MEF = | CD ₁₃₀ −CD ₁₁₀ | / | MD ₁₃₀ −MD ₁₁₀ |
In the above formula, CD ₁₃₀ and CD ₁₁₀ are resist pattern widths (nm) of L & S patterns formed using mask patterns of 130 nm and 110 nm, respectively, and MD ₁₃₀ and MD ₁₁₀ are mask pattern widths (nm), respectively. Yes, MD ₁₃₀ = 130 and MD ₁₁₀ = 110. This is a parameter indicating how faithfully a mask pattern having a different line width can be reproduced with the same exposure amount. The closer this MEF value is to 1, the better the mask linearity is. The results are shown in Table 1 below.
<Pattern collapse>
The exposure time in selective exposure was increased, and when the pattern width gradually narrowed along with that, the location where the pattern collapsed was observed by SEM. The results are shown in Table 1 below.
<LER>
For the 85 nm L / S pattern (pitch is 180 nm) obtained in the EOP, 3σ, which is a measure indicating LER, was obtained as an evaluation of line edge roughness (LER) at which the surface of the side wall of the line pattern becomes non-uniform. 3σ is a side length SEM (manufactured by Hitachi, Ltd., trade name “S-9220”). The width of the resist pattern of the sample is measured at 32 locations, and the standard deviation (σ) calculated from the result is 3 times the value (3σ ). This 3σ means that the smaller the value, the smaller the roughness and the uniform width resist pattern was obtained. The results are shown in Table 1 below.

(Comparative Example 1)
The same procedure as in Example 1 was conducted except that the component (B) was changed to 6.0 parts by mass of the compound represented by the chemical formula (b2-01) and 2.0 parts by mass of triphenylsulfonium nonafluorobutanesulfonate. After preparing a positive resist composition, an L / S pattern was formed in the same manner as in Example 1 and the same evaluation was performed. The results are shown in Table 1 below.

Claims (5)

A positive resist composition comprising a resin component (A) whose alkali solubility is increased by the action of an acid, and an acid generator component (B) that generates an acid upon exposure,
The component (B) is represented by the following general formula (b-1)
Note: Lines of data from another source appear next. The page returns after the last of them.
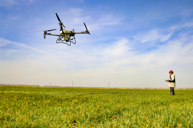 江蘇省鹽城市射陽縣,江蘇農墾新洋農場工作人員操作新型植保無人機為小麥噴施葉面肥。
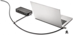 - Podwójne zamki pozwalają zabezpieczyć dwa urządzenia jednym rozwiązaniem. Idealne do ochrony wielu urządzeń, na przykład laptopa, monitora lub stacji dokującej. Uproszczone zarządzanie kablami i kluczami zmniejsza plątaninę kabli.
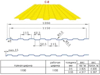 Снеговая нагрузка 240 кг/кв.(IV район).
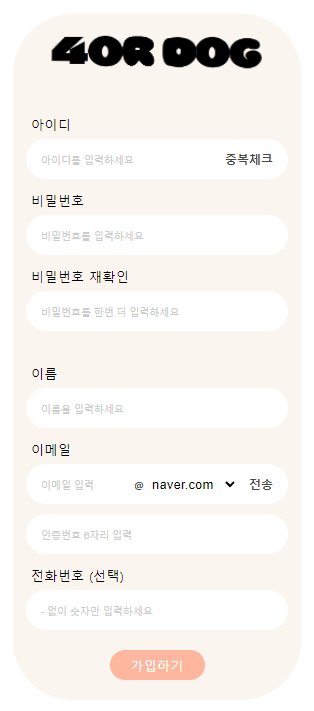 - 아이디 중복확인, 비밀번호 확인, 이메일 인증번호 등 세부 기능 정리
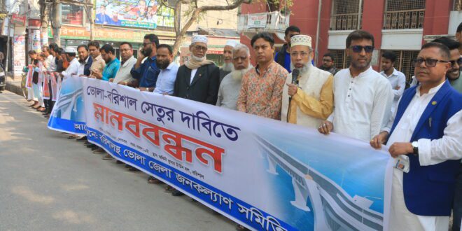 ভোলা- বরিশাল সেতু নির্মানের দাবিতে বরিশাল নগরীতে মানববন্ধন অনুষ্ঠিত হয়েছে।
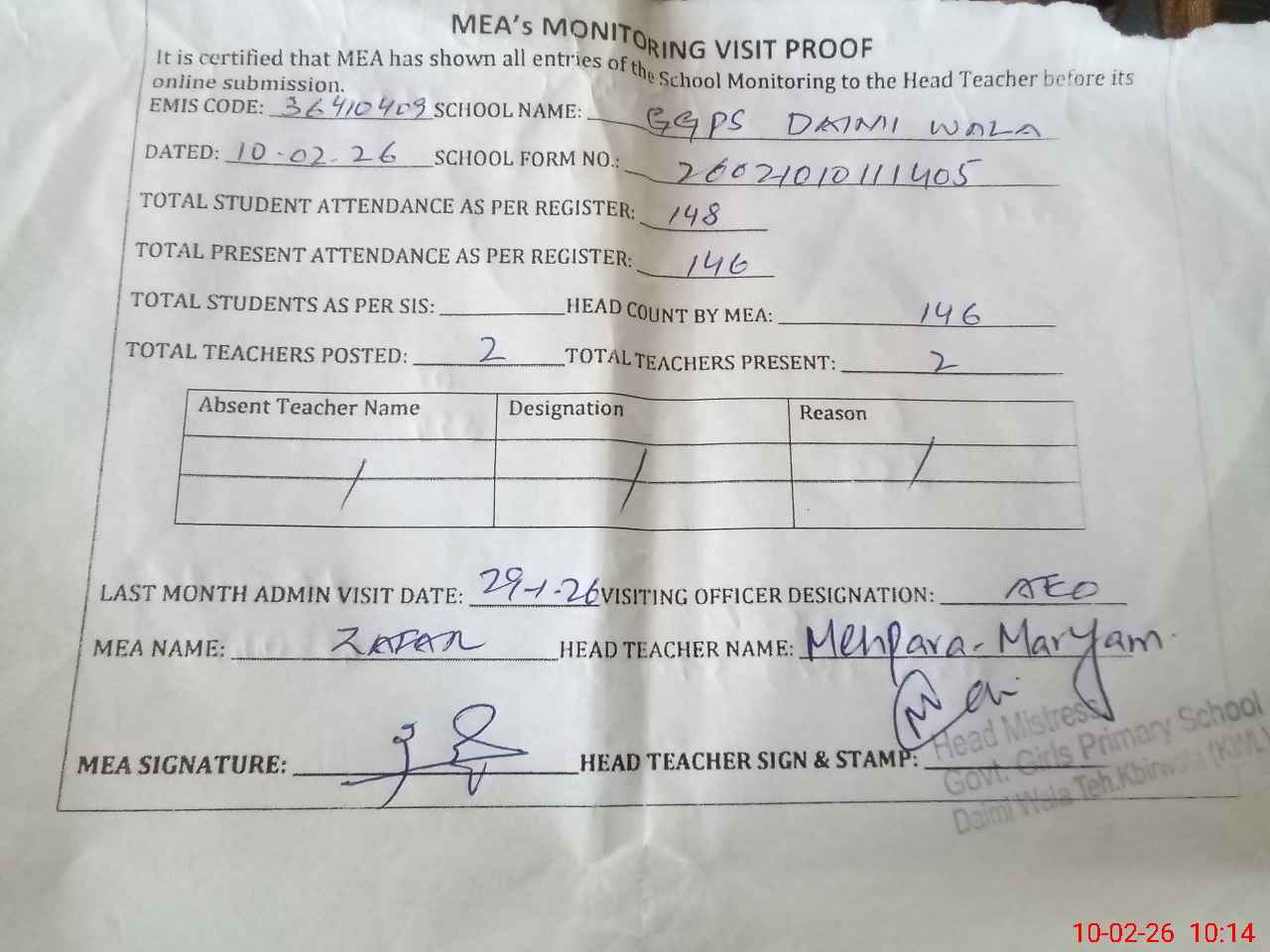 | Attendance Register | Head Teacher | MEA with School | Visit Proof |
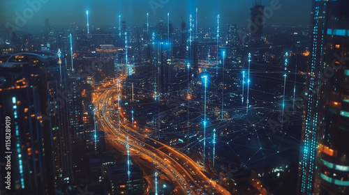 Smart Innovation city with connection cyber security network reciprocity over the night cityscape future wireless digital city and social media networking systems that connects people in the city
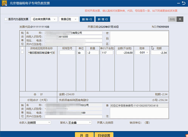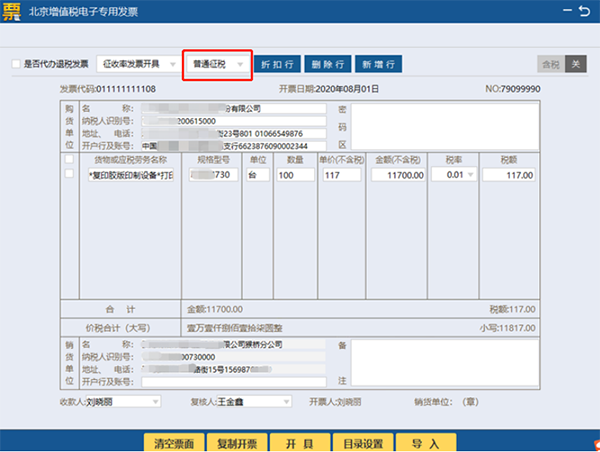 注意:增值税电子专用发票最多支持开具100条,货品超过8行,自动生成商品清单。
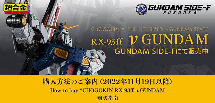 于高达综合娱乐设施“福冈高达园区”内的“GUNDAM SIDE-F”实施的“超合金 RX-93ff ν高达”门市贩售,在今天11月11日(五)起开始事前预约。
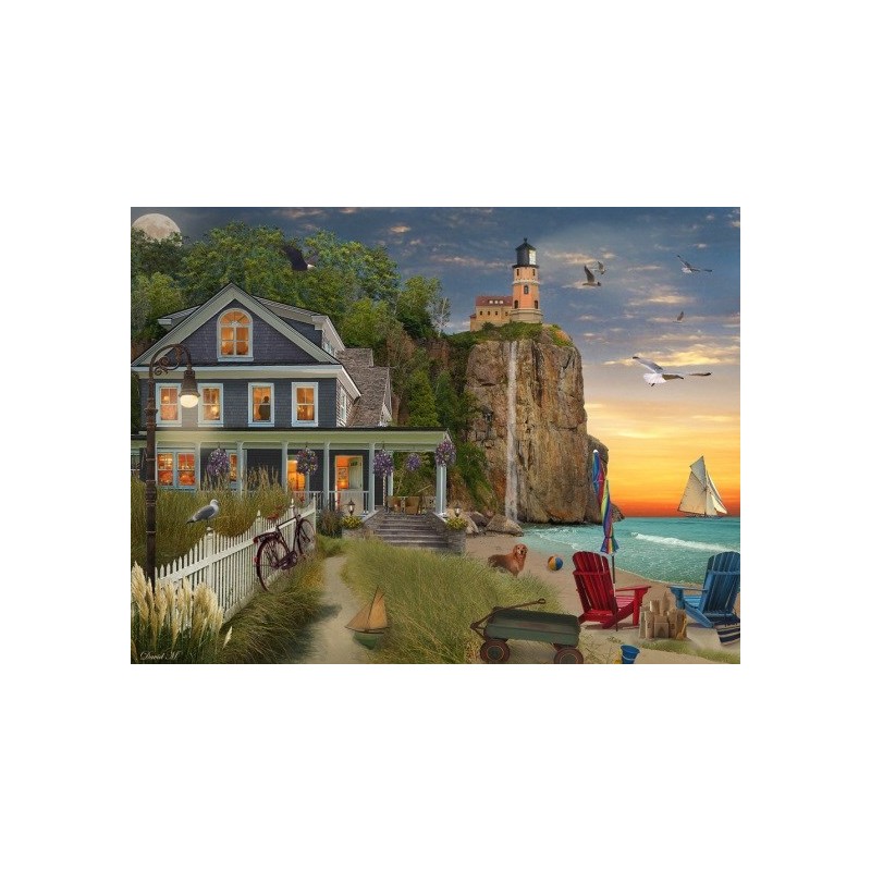 All of our signature jigsaw puzzles are made in the United States with recycled materials. Fully interlocking and randomly shaped pieces make for a pleasant puzzle building experience. Each jigsaw puzzle is produced on thick, quality board perfect for mounting and framing. This puzzle includes 550 pieces and measures 24" x 18" when completed. Artwork by David Maclean.
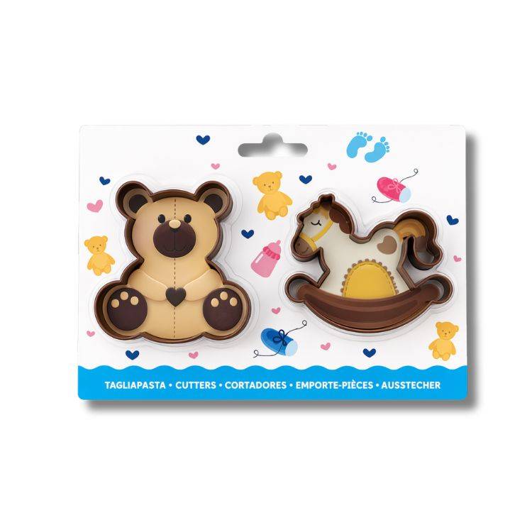 Sada dvou vykrajovátek ve tvaru medvídka a houpacího koníka je ideální pro přípravu roztomilých sušenek, perníčků i dekorací z fondánu. Skvělá volba pro dětské oslavy, narozeniny nebo tematické pečení.Sada vykrajovátek ve tvaru medvídka a houpacího koníka potěší každého, kdo rád peče a zdobí sladké dobroty s dětským motivem. Vykrajovátka umožňují snadno vytvořit detailní tvary, které vyniknou jak na sušenkách a perníčcích, tak i při práci s fondánem, marcipánem nebo modelovací hmotou. Díky jednoduchému použití jsou vhodná nejen pro zkušené cukráře, ale i pro začátečníky nebo pečení s dětmi. Motivy medvídka a houpacího koníka se skvěle hodí na dětské oslavy, baby shower nebo narozeninové dorty. Materiál: plast Rozměry: 8 x 6 cm a 7 x 8 cm Barva se může lišit. Foto ilustrační EAN: 5999122818561
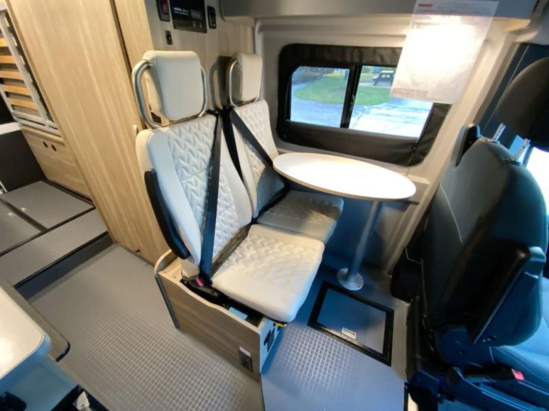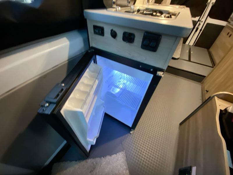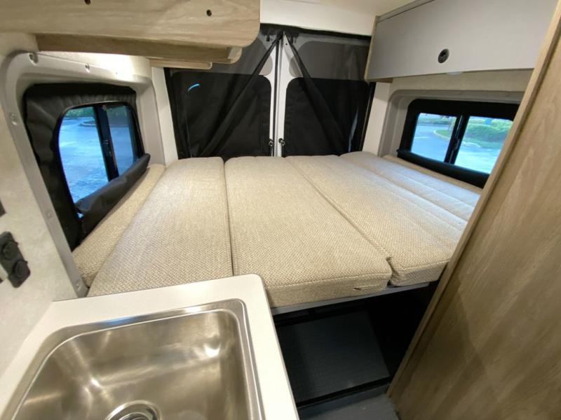 Enjoy a weekend ride in the mountains or make it an overnight stay with versatile sleeping options in this camper van. You'll find the Murphy+ bed in the back will provide a great night's rest, or you can choose the optional sofa/bed with added belted seating if you have more tag-alongs. And of course the little ones will love the pop-top sleeping area to climb into each night. After you've freshened up in the convenient wet bath, prepare breakfast on the two burner range, and the milk and eggs can go back in the 3.0 cu. ft. single door refrigerator/freezer. This model also includes rear double doors with screens to let the breeze in and keep bugs out!
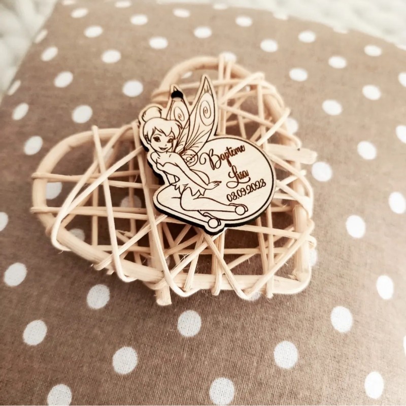 La fée clochette en étiquette bois pour personnaliser votre fête d'anniversaire, de baptême ou autre.

[Wherein, R ¹ ″ represents an alkyl group, an alkoxy group, a halogen atom or a hydroxyl group, and R ² ″ and R ³ ″ each independently represents an aryl group or an alkyl group which may have a substituent. , N represents 0 or an integer of 1 to 3, except that R ² ″ and R ³ ″ are bonded to each other to form a ring.
An onium salt-based acid generator (B1) having a cation moiety represented by formula (b-2):

[Wherein R ²¹ ′ represents an organic group, and R ²² ′ represents a monovalent organic group or a cyano group. ]
A positive resist composition comprising an oxime sulfonate acid generator (B2) having a structure represented by:   2. The positive resist composition according to claim 1, wherein a mass ratio (B1) :( B2) between the content of the component (B1) and the content of the component (B2) is 10:90 to 90:10.   3. The positive electrode according to claim 1, wherein the component (A) contains a resin having a hydroxyl group bonded to a carbon atom at a polymer terminal, and the α-position carbon atom of the hydroxyl group has at least one electron withdrawing group. Type resist composition.   The positive resist composition as described in any one of Claims 1-3 containing a nitrogen-containing organic compound (D). A step of forming a resist film on a substrate using the positive resist composition according to any one of claims 1 to 4, a step of exposing the resist film, and developing the resist film to form a resist pattern A resist pattern forming method including a process.